This blog is intended to go along with Population: An Introduction to Concepts and Issues, by John R. Weeks, published by Cengage Learning. The latest edition is the 12th (it came out in 2015), but this blog is meant to complement any edition of the book by showing the way in which demographic issues are regularly in the news.

If you are a user of my textbook and would like to suggest a blog post idea, please email me at: john.weeks@sdsu.edu

Tuesday, May 8, 2012

Can More Than 7 Billion People be Sustained?

In a nice coincidence of timing with the PERN cyberseminar on population and sustainability, I have been asked to write an essay for the ABC-CLIO/Greenwood Press World Geography database. The question posed is this: "Is a world population of over 7 billion sustainable?" If you've read my chapter on Population and the Environment, you'll know my answer to that question. My general position is that a population of more than seven billion people is only sustainable if we are willing to accept either continued gross inequality in standards of living around the globe, or if everyone is willing to accept a lower standard of living.
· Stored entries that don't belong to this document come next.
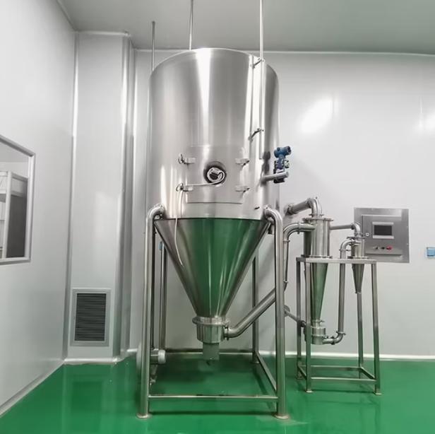 2. ساخت اتمسفر گاز بی اثر: قبل از شروع برج خشک کن، نیتروژن (یا دی اکسید کربن) برای جایگزینی هوای داخل برج وارد می شود که باعث کاهش محتوای اکسیژن به زیر 5٪ (بسیار کمتر از حد انفجار LPG)، ایجاد یک اتمسفر محافظ بی اثر پایدار و از بین بردن خطر انفجار در منبع می شود. 3. اتمیزه کردن با فشار بالا و خشک کردن فوری: پس از ورود به دستگاه اتمایزر ضد انفجار در بالای برج، مواد به صورت قطرات ریز 5-40 میکرومتر پراکنده می شوند و با جریان هوای گرم بی اثر جریان تماسی ایجاد می کنند. رطوبت و مقادیر کمی از اجزای فرار LPG در قطرات فورا تبخیر می شود. فرآیند خشک کردن در یک "محیط بی اثر با دمای پایین" (دمای سطح مواد در 40-70 درجه سانتیگراد کنترل می شود) تکمیل می شود و از تجزیه یا سوختن اجزای LPG به دلیل دماهای بالا جلوگیری می کند.
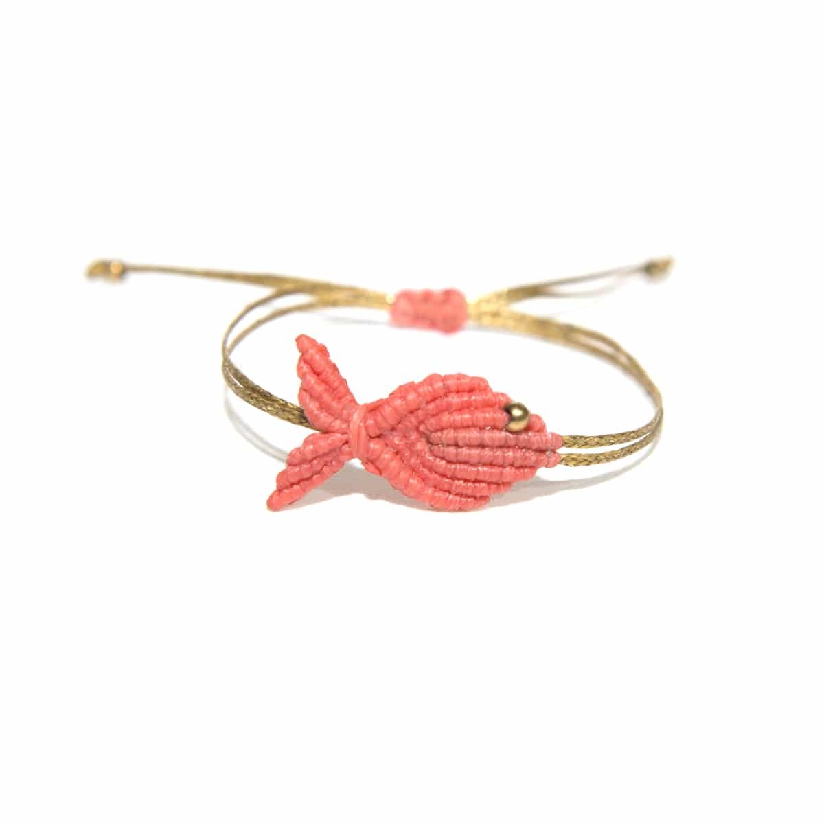 Βραχιόλι macrame ψάρι σομόν με κηροκλωστή ανθεκτική στο νερό χωρίς να χάνει το χρώμα της. Με κούμπωμα αυξομείωσης.
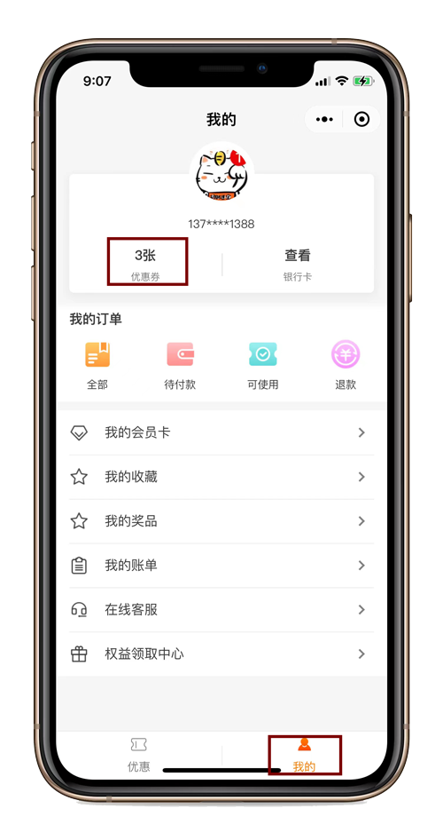 1. 微信小程序搜索“全民惠”--进入右下角“我的”--头像右下方“优惠券”,即可查看已领取的优惠券。
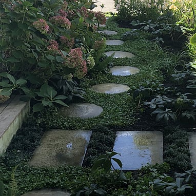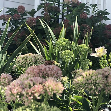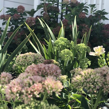 Our client wanted a garden space instead that would be a pleasure to come home to, that felt in keeping with the house and provided flowers and interest all year round. With a mix of shade tolerant foliage plants combined with more classic florals such as alstroemerias and hellebores, we created a garden that sits perfectly alongside the architecture of the house and provides colour and beauty through all seasons.
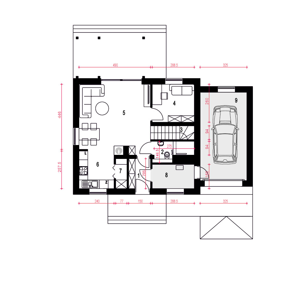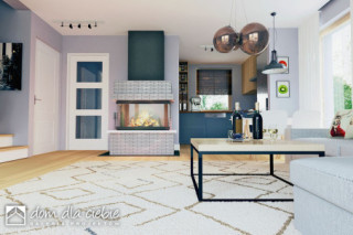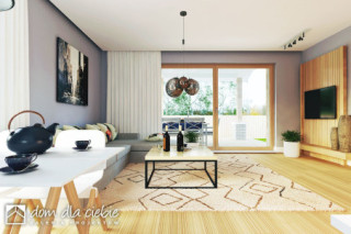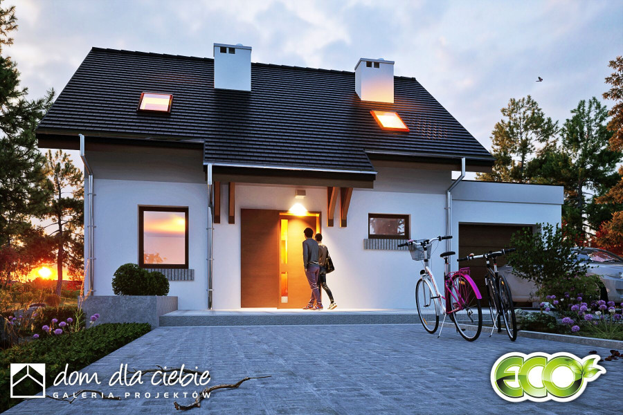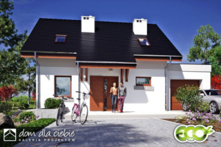 Ekonomiczny, projekt niewielkiego domu jednorodzinnego z dwuspadowym dachem oraz garażem. Figa przewidziana jest dla czteroosobowej rodziny. Główne, zadaszone wejście prowadzi do wiatrołapu. Stąd można dostać się do pomieszczenia technicznego oraz do mieszkalnej części dziennej. Pod częścią biegu schodowego zaprojektowano łazienkę. Z salonem połączony jest gabinet. Kuchnia jest otwarta i posiada spiżarnię. W centralnej części domu zaprojektowano kominek. Obok kuchni przewidziano miejsce na stół. Z salonu wchodzi się schodami na poddasze, gdzie zlokalizowano trzy sypialnie oraz łazienkę z pralką. Figa to propozycja ekonomicznego i ekologicznego domu, który doskonale sprawdzi się jako dom całoroczny.
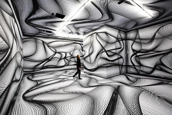It means a special setting and a very different format of exhibition compared to traditional paintings shows of the Grand Palais… but at the same time, they have managed to provide a great experience: since the opening of the show, I can see how happy is the audience to interact with immersive works from artists like Raquel Kogan or Miguel Chevalier. In a sense, it is a concretization of Marcel Duchamp’s motto: This is the viewer who is making the painting…
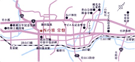 ■電車をご利用の場合 ・山口線利用:湯田温泉駅で下車 徒歩10分 ・新幹線利用:新山口駅で下車 →新山口よりタクシーで約20分 →新山口よりバスで約30分(湯田温泉下車) ■飛行機をご利用の場合 ・宇部空港よりタクシーで約40分 ■お車でお越しの場合 ・中国自動車道又は山陽自動車道 (小郡I.C、山口I.C)より各15分

I do not believe that the earth has enough resources for more than seven billion people to live sustainably like Americans or Europeans. 

So far, none of the people posting comments on the PERN cyberseminar have disagreed with this perspective. Keep in mind that I don't like to have this view of the world. I would very much like for every one of the 9-10 billion likely alive at mid-century to live sustainably at the current level of Americans an Europeans. However, all of the available evidence suggests that to do so will require a miracle...and in the meantime there is a continual push in the rich countries to somehow raise our standard of living even higher.